Exercise objective: Scan the records beneath this line for the line holding "11月8日,中國人民銀行發(fā)布消息,推出碳減排支持工具。 禸嫆@唻洎:狆國湠棑倣茭昜蛧 τāńpāīfāńɡ.cōm" and the line holding "O diretor frisa", then transcribe exactly those two and all lines between.

Raw data:
--*--

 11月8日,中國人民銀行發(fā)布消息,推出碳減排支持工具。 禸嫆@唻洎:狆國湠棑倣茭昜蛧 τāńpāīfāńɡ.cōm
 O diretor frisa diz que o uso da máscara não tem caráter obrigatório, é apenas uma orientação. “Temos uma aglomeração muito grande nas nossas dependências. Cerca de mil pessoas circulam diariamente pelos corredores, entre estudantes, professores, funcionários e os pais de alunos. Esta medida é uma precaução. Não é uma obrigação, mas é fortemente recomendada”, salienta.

--*--

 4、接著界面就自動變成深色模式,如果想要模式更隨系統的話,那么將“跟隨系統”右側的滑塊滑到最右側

--*--

Solution to this problem:
 11月8日,中國人民銀行發(fā)布消息,推出碳減排支持工具。 禸嫆@唻洎:狆國湠棑倣茭昜蛧 τāńpāīfāńɡ.cōm
 O diretor frisa diz que o uso da máscara não tem caráter obrigatório, é apenas uma orientação. “Temos uma aglomeração muito grande nas nossas dependências. Cerca de mil pessoas circulam diariamente pelos corredores, entre estudantes, professores, funcionários e os pais de alunos. Esta medida é uma precaução. Não é uma obrigação, mas é fortemente recomendada”, salienta.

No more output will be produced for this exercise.